La Federazione russa di Putin a tutto questo ha dato un micidiale colpo di maglio, ma un’Europa lungimirante avrebbe tutto l’interesse “a combattere duramente il presente ma guardando anche al futuro” per evitare che la Russia diventi non solo più asiatica, ma anche nemica duratura dell’Occidente e dell’Europa. Lasciare allora che sia la Nato a gestire questo delicatissimo assetto futuro delle relazioni internazionali rappresenta davvero un “no sense”.
Così come per l’Europa non ha alcun senso strategico intessere con le grandi economie orientali a partire da quella cinese, come per gli Usa, una sfida “all’ultimo sangue” per gli anni che verranno, a colpi di dazi e barriere doganali. Perché l’Europa è un sistema trasformatore e per questo ha bisogno di intessere rapporti solidi e continui con i Paesi produttori di materie prime e perché l’Europa, Germania e Italia intesta, essendo economie in cui la propria ricchezza risiede nelle esportazioni, necessita di mercati aperti e non di un mondo chiuso.

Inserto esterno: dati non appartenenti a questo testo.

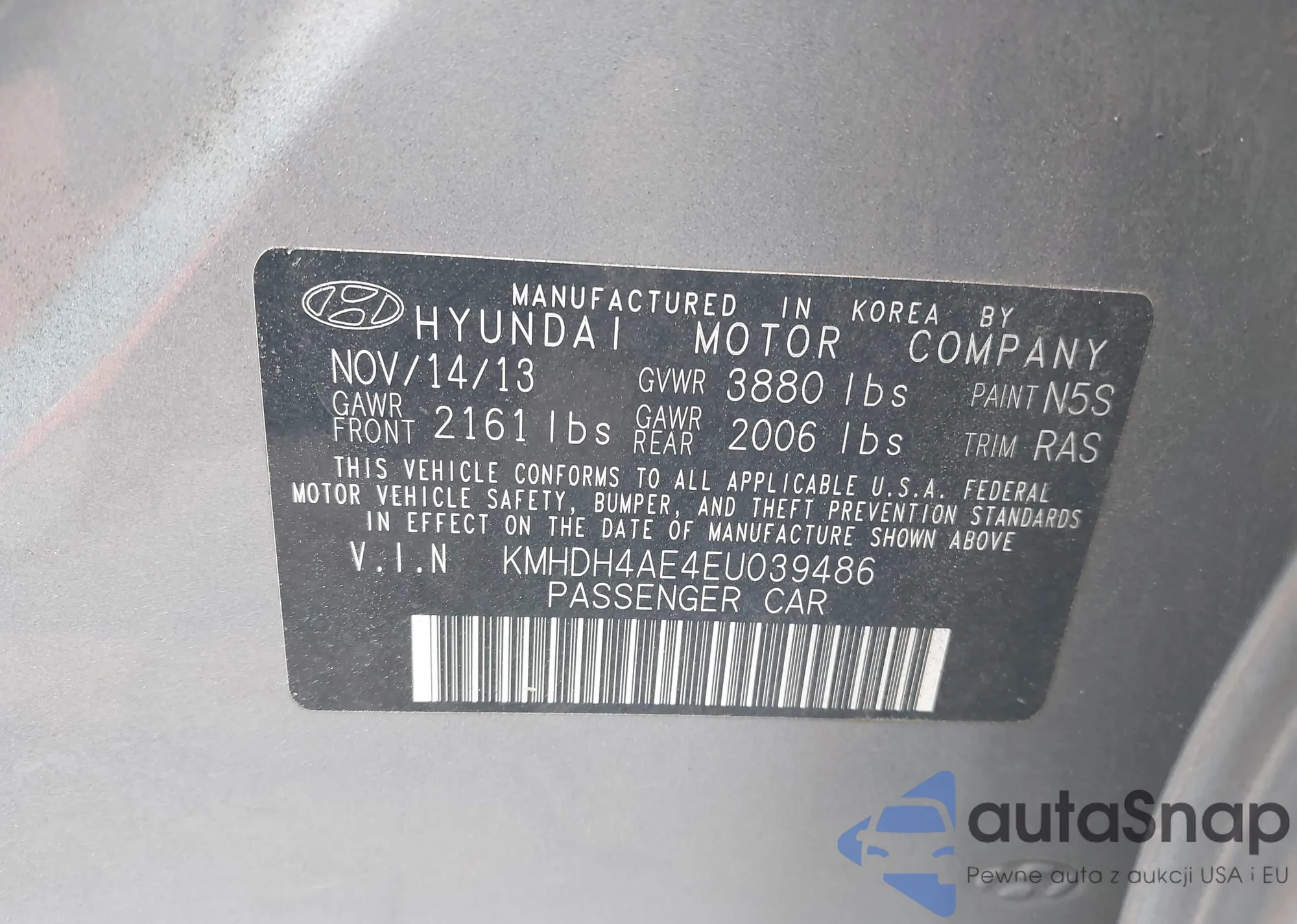 LOT: 42116882 VIN: KMHDH4AE4EU039486

L’autonomia strategica presa sul serio

D’altronde, questo è l’unico scenario concretamente possibile nel quale l’Europa può accrescere la propria autonomia strategica sia competitiva che geopolitica. Perché, come dimostrano gli ultimi tre anni, la ricerca di una effettiva autonomia europea non può fare a meno della propria efficienza economica. In questi anni infatti si è chiaramente constatato che le catene corte per un macro-sistema territoriale trasformatore, danno certo più sicurezza, ma al prezzo di un forte incremento di costi i quali poi riducono i livelli di esportazione. Sapendo anche che, se nel mondo si spezzasse davvero il cuore dello scambio tra materie prime e prodotto, e quindi del commercio internazionale, chi delle prime ne detiene la proprietà, poi decide “monopolisticamente” anche la loro disponibilità sia in termini di tempi di fornitura che dei relativi prezzi mentre, tutti i problemi si scaricherebbero sui Paesi che fanno il prodotto, in termini di inflazione importata, impoverimento sociale e caduta di competitività. Insomma, in un mondo ormai costruito con un altissimo livello di compenetrazione dei sistemi produttivi, la segmentazione dell’economia mondiale rappresenta un rischio molto alto per quelli, come l’europeo, che non hanno né la forza né l’autosufficienza di quello americano o cinese.

Contro la narrazione dell’Occidente indistinto

Il mondo aperto va certo regolato, non abrogato, sapendo che esso è stato messo in crisi prima da Trump e ora da Putin, ma che l’Europa ha tutto l’interesse di mantenere aperti gli scambi commerciali, affermando così non lo status di un Occidente indistinto ma “di Occidenti nell’Occidente” con una propria autonomia economica, politica sociale e valoriale (e di difesa). È fin troppo facile constatare che, tranne singoli episodici sobbalzi, di questa visione strategica non ci sia stata in realtà quasi nessuna traccia.
Ma ciò non toglie che non vi sia altra strada ragionevole. E che ritardandone l’azione, le conseguenze politiche porteranno sempre di più a sentimenti di sfiducia collettiva e chiusure nazionaliste, precludendo quella timida prospettiva, nata solo due anni fa, dopo il risultato delle ultime elezioni europee che generarono la scelta di un debito comune verso un’Europa più integrata, più solidale e più civile. Un’Europa cioè meno rigorista, meno liberista oltre che insopportabilmente rissosa e chiusa solo tra i differenti miopi interessi nazionalistici, che avevamo davvero sperato, allora, di aver buttato definitivamente alle spalle.